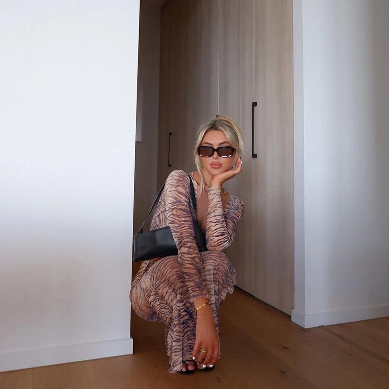 Tiger Printed Two Piece Set for Women, Sexy Long Sleeve Tops, Maxi Skirts, Matching Sets, Slim Outfits, Party Wear, Summer
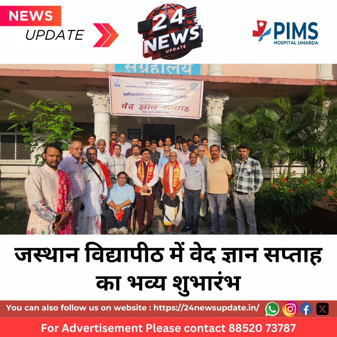 24 News Update उदयपुर, राजस्थान विद्यापीठ के संघटक साहित्य संस्थान एवं महर्षि सांदीपनि राष्ट्रीय वेद विद्या प्रतिष्ठान, उज्जैन के संयुक्त तत्वावधान में सात दिवसीय वेद ज्ञान सप्ताह का भव्य उद्घाटन संपन्न हुआ। कार्यक्रम का आयोजन संस्थान के सभागार में किया गया, जिसमें कुलपति प्रो. एस.एस. सारंगदेवोत, मुख्य वक्ता डॉ. पंकज कुमार शर्मा, डॉ. सुरेन्द्र द्विवेदी, निदेशक प्रो. जीवन सिंह खरकवाल, प्रभारी डॉ. महेश आमेटा एवं संयोजक डॉ. कुलशेखर व्यास प्रमुख रूप से उपस्थित रहे।
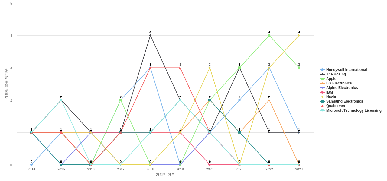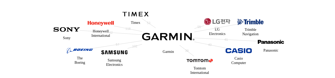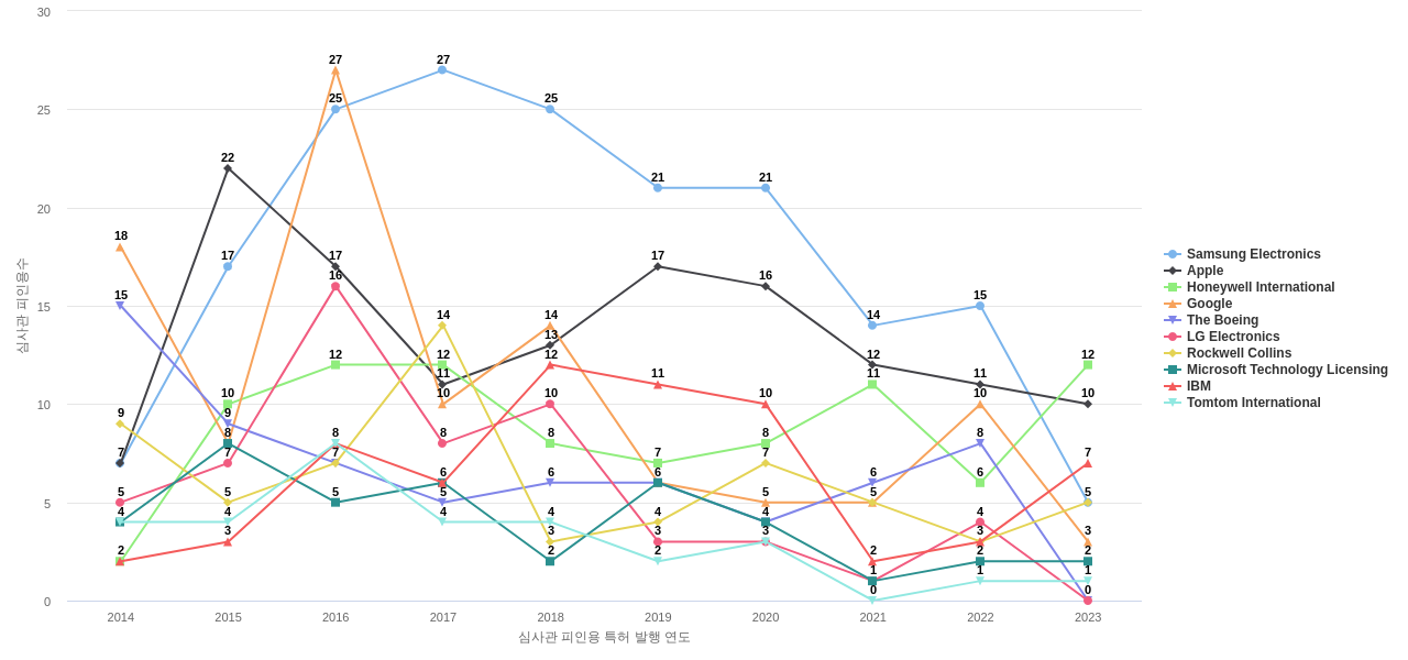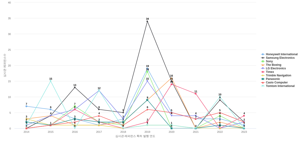 이 기업 보유 선행 특허가 받은 심사관 피인용수가 많은 관련 기업에는 1위 Samsung Electronics(264회), 2위 Apple(164회), 3위 Honeywell International(154회) 등이 있습니다.

Work instruction: Pictures stay out of the copy; print the material above exactly.

Written answer:
 Tiger Printed Two Piece Set for Women, Sexy Long Sleeve Tops, Maxi Skirts, Matching Sets, Slim Outfits, Party Wear, Summer
 24 News Update उदयपुर, राजस्थान विद्यापीठ के संघटक साहित्य संस्थान एवं महर्षि सांदीपनि राष्ट्रीय वेद विद्या प्रतिष्ठान, उज्जैन के संयुक्त तत्वावधान में सात दिवसीय वेद ज्ञान सप्ताह का भव्य उद्घाटन संपन्न हुआ। कार्यक्रम का आयोजन संस्थान के सभागार में किया गया, जिसमें कुलपति प्रो. एस.एस. सारंगदेवोत, मुख्य वक्ता डॉ. पंकज कुमार शर्मा, डॉ. सुरेन्द्र द्विवेदी, निदेशक प्रो. जीवन सिंह खरकवाल, प्रभारी डॉ. महेश आमेटा एवं संयोजक डॉ. कुलशेखर व्यास प्रमुख रूप से उपस्थित रहे।
 이 기업 보유 선행 특허가 받은 심사관 피인용수가 많은 관련 기업에는 1위 Samsung Electronics(264회), 2위 Apple(164회), 3위 Honeywell International(154회) 등이 있습니다.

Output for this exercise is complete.